::: The data :::

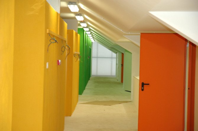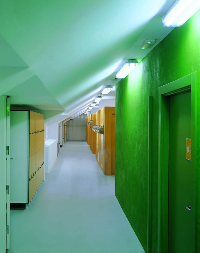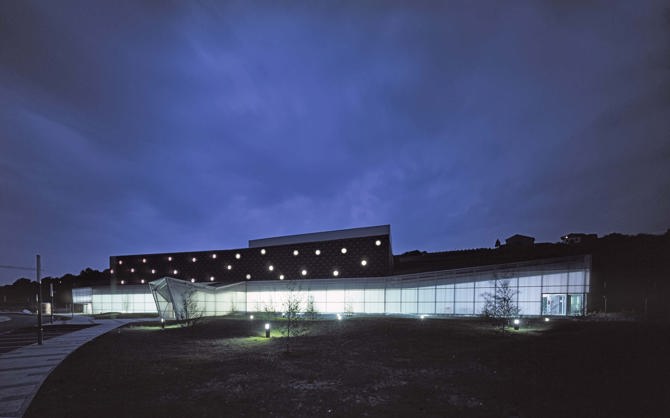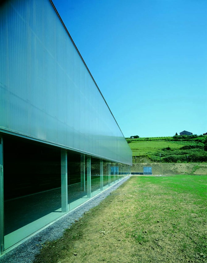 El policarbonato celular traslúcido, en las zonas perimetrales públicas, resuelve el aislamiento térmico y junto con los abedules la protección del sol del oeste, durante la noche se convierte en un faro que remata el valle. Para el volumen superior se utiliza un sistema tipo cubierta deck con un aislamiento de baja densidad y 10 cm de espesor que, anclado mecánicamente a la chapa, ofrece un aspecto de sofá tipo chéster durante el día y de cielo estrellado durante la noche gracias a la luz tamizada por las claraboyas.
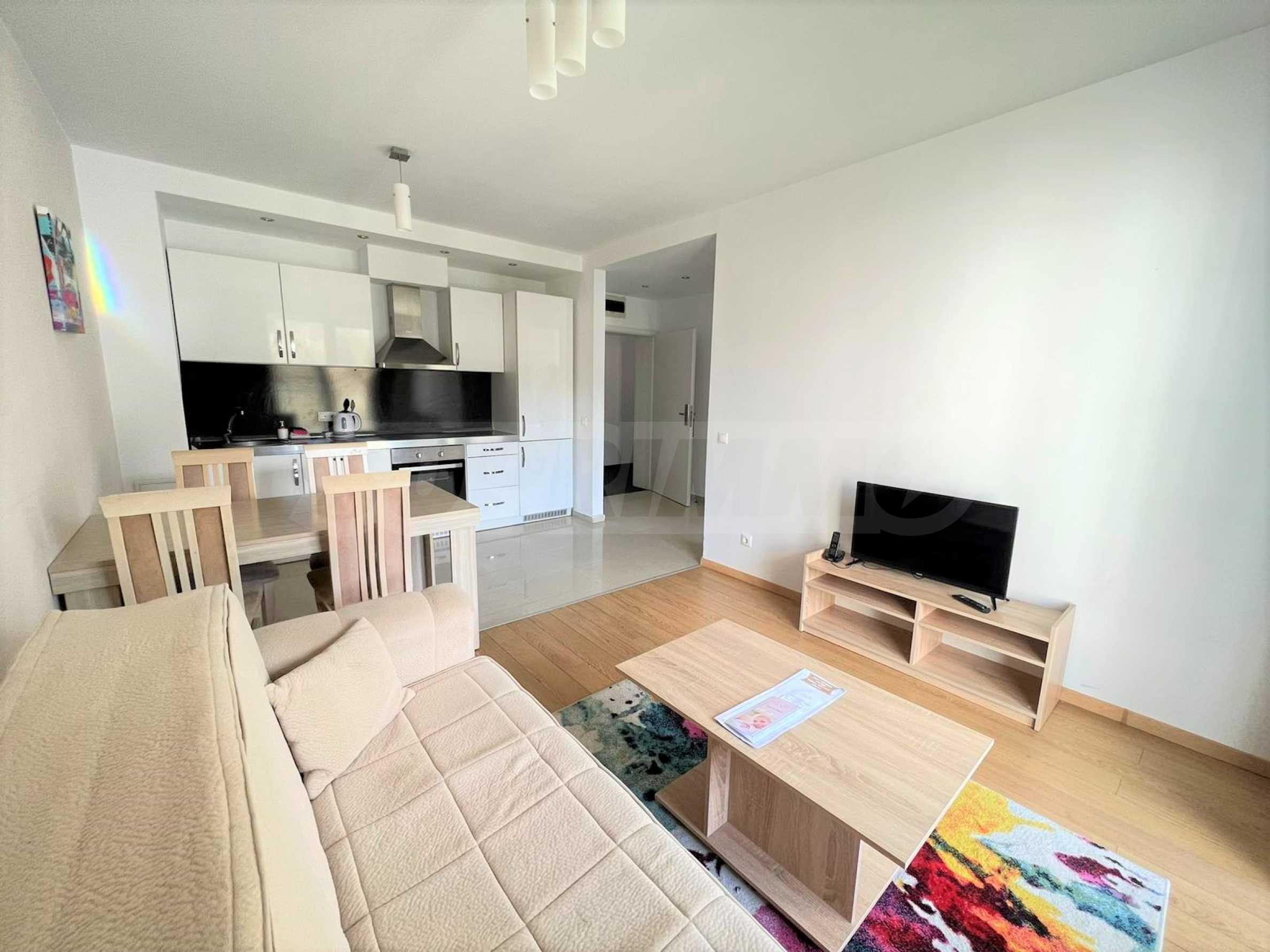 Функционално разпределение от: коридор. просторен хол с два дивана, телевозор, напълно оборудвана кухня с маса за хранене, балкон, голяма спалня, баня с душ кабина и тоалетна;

:::
::: The data :::

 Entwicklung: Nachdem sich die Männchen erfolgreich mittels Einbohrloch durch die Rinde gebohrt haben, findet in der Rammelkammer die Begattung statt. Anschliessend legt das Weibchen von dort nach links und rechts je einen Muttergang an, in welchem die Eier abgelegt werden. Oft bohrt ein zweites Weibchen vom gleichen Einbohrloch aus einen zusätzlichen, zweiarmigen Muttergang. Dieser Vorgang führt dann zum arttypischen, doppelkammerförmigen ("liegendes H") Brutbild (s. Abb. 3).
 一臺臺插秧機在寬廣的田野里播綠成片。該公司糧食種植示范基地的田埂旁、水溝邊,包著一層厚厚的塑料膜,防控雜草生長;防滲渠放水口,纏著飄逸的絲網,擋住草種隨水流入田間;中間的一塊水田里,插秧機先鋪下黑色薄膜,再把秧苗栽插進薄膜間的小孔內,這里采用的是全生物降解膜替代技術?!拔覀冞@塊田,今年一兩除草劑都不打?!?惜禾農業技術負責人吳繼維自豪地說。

:::
::: The data :::

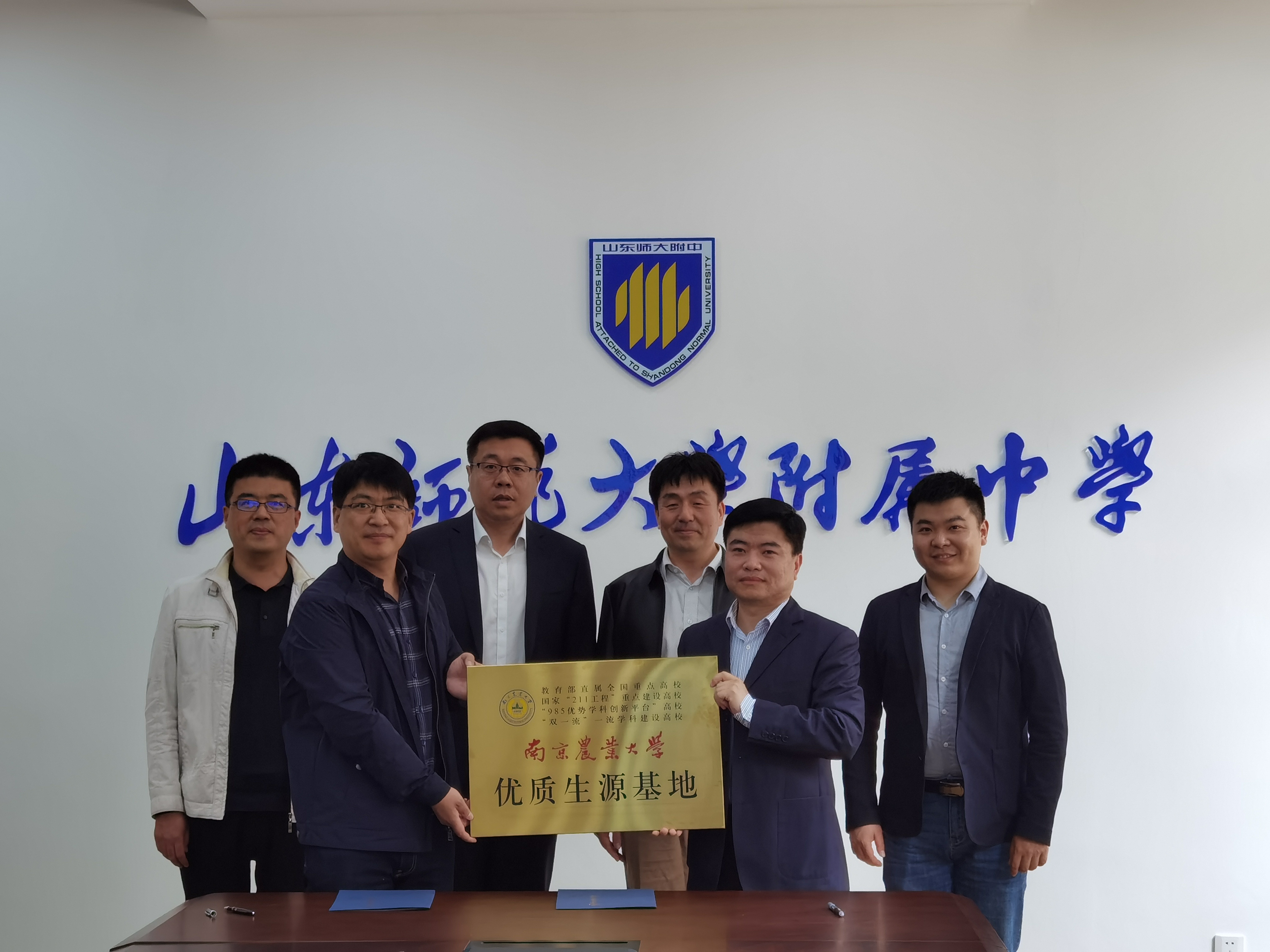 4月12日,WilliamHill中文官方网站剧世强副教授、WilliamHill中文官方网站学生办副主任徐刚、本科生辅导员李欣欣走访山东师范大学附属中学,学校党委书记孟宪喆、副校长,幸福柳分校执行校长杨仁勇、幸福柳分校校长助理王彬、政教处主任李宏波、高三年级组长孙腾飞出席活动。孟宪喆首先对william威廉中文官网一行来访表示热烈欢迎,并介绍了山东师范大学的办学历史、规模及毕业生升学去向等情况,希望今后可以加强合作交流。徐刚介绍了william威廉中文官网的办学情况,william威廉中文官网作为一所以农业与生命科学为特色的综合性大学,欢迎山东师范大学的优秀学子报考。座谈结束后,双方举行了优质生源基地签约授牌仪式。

:::

● What is required
Among the entries above, copy exactly only the lines starting with the one containing "Entwicklung: Nachdem sich" and going through the one containing "一臺臺插秧機在寬廣的田野里播", both ends included.

● Response
 Entwicklung: Nachdem sich die Männchen erfolgreich mittels Einbohrloch durch die Rinde gebohrt haben, findet in der Rammelkammer die Begattung statt. Anschliessend legt das Weibchen von dort nach links und rechts je einen Muttergang an, in welchem die Eier abgelegt werden. Oft bohrt ein zweites Weibchen vom gleichen Einbohrloch aus einen zusätzlichen, zweiarmigen Muttergang. Dieser Vorgang führt dann zum arttypischen, doppelkammerförmigen ("liegendes H") Brutbild (s. Abb. 3).
 一臺臺插秧機在寬廣的田野里播綠成片。該公司糧食種植示范基地的田埂旁、水溝邊,包著一層厚厚的塑料膜,防控雜草生長;防滲渠放水口,纏著飄逸的絲網,擋住草種隨水流入田間;中間的一塊水田里,插秧機先鋪下黑色薄膜,再把秧苗栽插進薄膜間的小孔內,這里采用的是全生物降解膜替代技術?!拔覀冞@塊田,今年一兩除草劑都不打?!?惜禾農業技術負責人吳繼維自豪地說。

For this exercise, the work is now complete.